Instructions for the task -> The records underneath are to be printed in full and exactly, with no pictures carried over.
^^^^
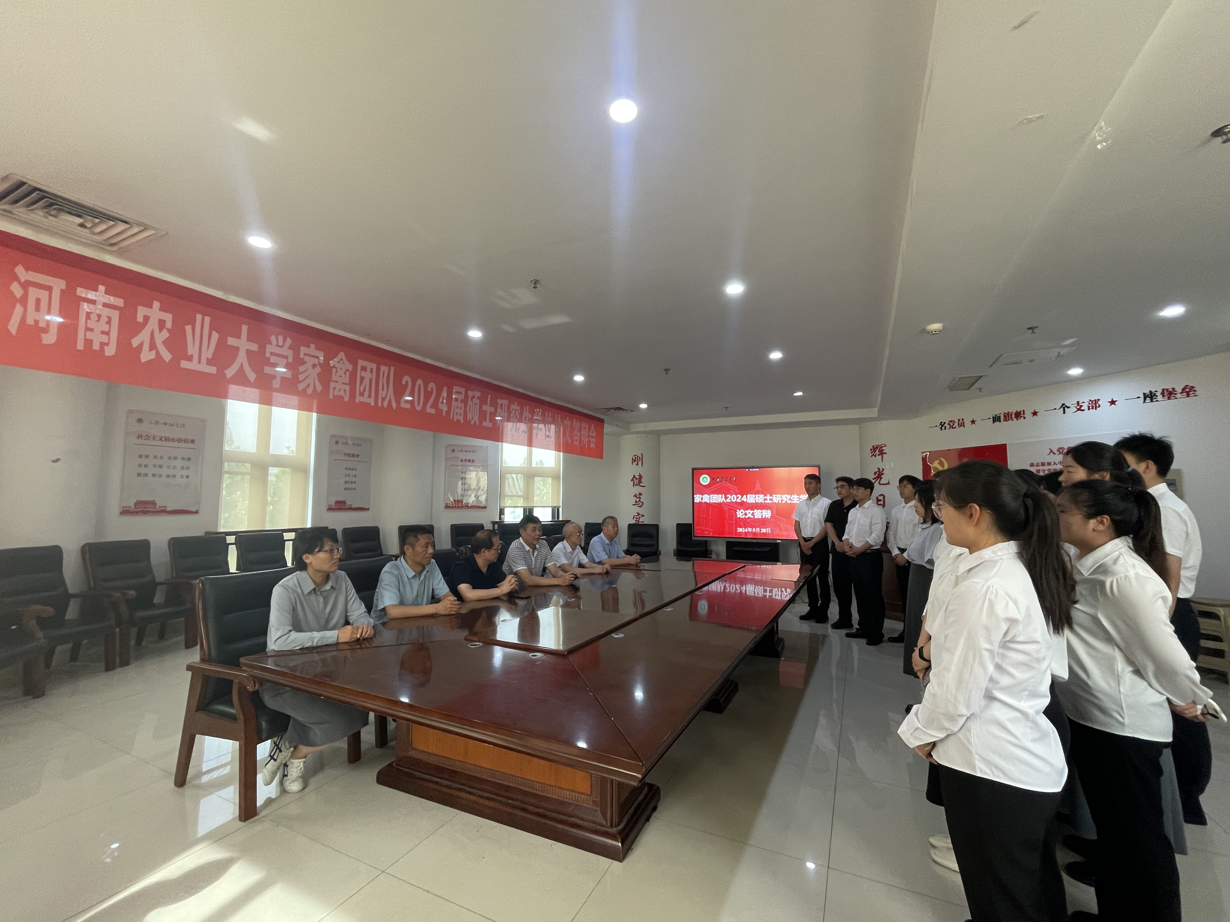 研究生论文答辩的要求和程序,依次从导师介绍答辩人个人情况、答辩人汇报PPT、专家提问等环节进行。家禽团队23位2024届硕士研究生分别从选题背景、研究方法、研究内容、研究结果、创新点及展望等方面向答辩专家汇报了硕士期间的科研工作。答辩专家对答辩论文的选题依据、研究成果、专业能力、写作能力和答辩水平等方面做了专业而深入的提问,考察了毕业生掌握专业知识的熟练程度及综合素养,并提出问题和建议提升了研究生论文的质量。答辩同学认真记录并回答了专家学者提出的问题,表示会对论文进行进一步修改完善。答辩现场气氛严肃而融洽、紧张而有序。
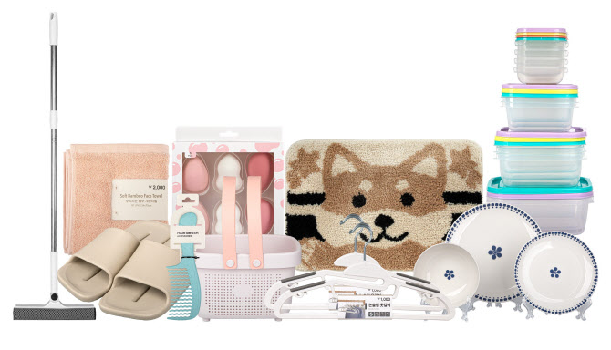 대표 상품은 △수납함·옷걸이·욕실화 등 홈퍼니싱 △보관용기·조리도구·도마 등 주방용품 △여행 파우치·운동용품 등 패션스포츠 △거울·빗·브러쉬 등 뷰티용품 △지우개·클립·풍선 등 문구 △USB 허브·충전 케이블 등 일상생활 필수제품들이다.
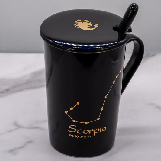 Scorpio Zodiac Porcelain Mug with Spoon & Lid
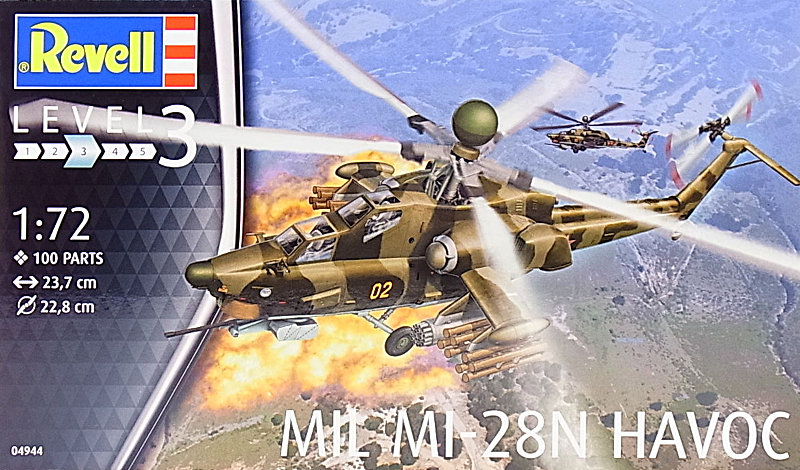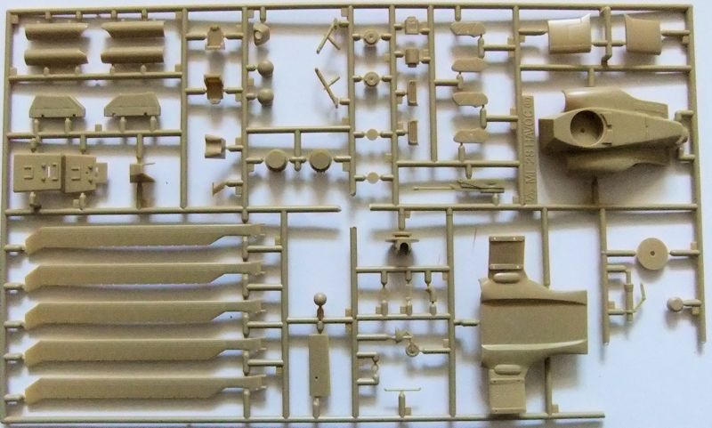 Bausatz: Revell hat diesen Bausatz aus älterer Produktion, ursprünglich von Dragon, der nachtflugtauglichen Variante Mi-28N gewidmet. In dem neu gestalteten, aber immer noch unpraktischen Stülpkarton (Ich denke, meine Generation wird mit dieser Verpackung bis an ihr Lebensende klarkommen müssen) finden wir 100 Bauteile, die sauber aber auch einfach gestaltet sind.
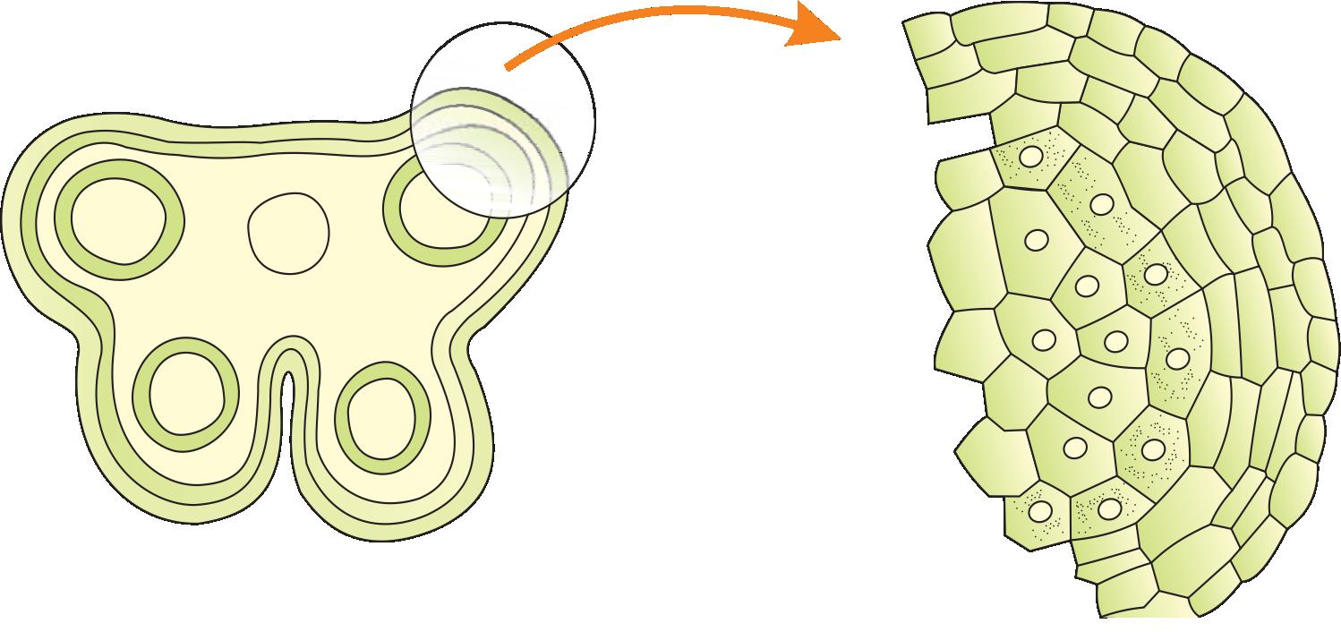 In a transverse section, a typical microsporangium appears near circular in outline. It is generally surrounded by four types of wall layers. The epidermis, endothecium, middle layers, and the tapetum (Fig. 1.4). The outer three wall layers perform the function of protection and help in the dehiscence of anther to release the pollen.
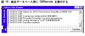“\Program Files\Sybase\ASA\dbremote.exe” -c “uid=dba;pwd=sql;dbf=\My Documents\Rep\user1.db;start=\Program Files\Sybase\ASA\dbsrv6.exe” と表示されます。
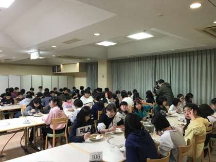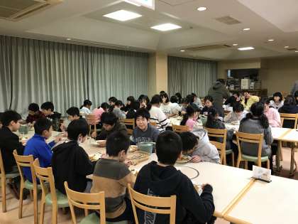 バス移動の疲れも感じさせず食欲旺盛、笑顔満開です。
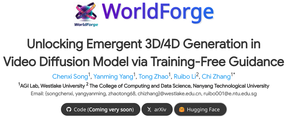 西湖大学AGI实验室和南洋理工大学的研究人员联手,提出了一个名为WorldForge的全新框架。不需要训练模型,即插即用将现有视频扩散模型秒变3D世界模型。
^^^^
Response to this exercise ->
 研究生论文答辩的要求和程序,依次从导师介绍答辩人个人情况、答辩人汇报PPT、专家提问等环节进行。家禽团队23位2024届硕士研究生分别从选题背景、研究方法、研究内容、研究结果、创新点及展望等方面向答辩专家汇报了硕士期间的科研工作。答辩专家对答辩论文的选题依据、研究成果、专业能力、写作能力和答辩水平等方面做了专业而深入的提问,考察了毕业生掌握专业知识的熟练程度及综合素养,并提出问题和建议提升了研究生论文的质量。答辩同学认真记录并回答了专家学者提出的问题,表示会对论文进行进一步修改完善。答辩现场气氛严肃而融洽、紧张而有序。
 대표 상품은 △수납함·옷걸이·욕실화 등 홈퍼니싱 △보관용기·조리도구·도마 등 주방용품 △여행 파우치·운동용품 등 패션스포츠 △거울·빗·브러쉬 등 뷰티용품 △지우개·클립·풍선 등 문구 △USB 허브·충전 케이블 등 일상생활 필수제품들이다.
 Scorpio Zodiac Porcelain Mug with Spoon & Lid
 Bausatz: Revell hat diesen Bausatz aus älterer Produktion, ursprünglich von Dragon, der nachtflugtauglichen Variante Mi-28N gewidmet. In dem neu gestalteten, aber immer noch unpraktischen Stülpkarton (Ich denke, meine Generation wird mit dieser Verpackung bis an ihr Lebensende klarkommen müssen) finden wir 100 Bauteile, die sauber aber auch einfach gestaltet sind.
 In a transverse section, a typical microsporangium appears near circular in outline. It is generally surrounded by four types of wall layers. The epidermis, endothecium, middle layers, and the tapetum (Fig. 1.4). The outer three wall layers perform the function of protection and help in the dehiscence of anther to release the pollen.
“\Program Files\Sybase\ASA\dbremote.exe” -c “uid=dba;pwd=sql;dbf=\My Documents\Rep\user1.db;start=\Program Files\Sybase\ASA\dbsrv6.exe” と表示されます。
 バス移動の疲れも感じさせず食欲旺盛、笑顔満開です。
 西湖大学AGI实验室和南洋理工大学的研究人员联手,提出了一个名为WorldForge的全新框架。不需要训练模型,即插即用将现有视频扩散模型秒变3D世界模型。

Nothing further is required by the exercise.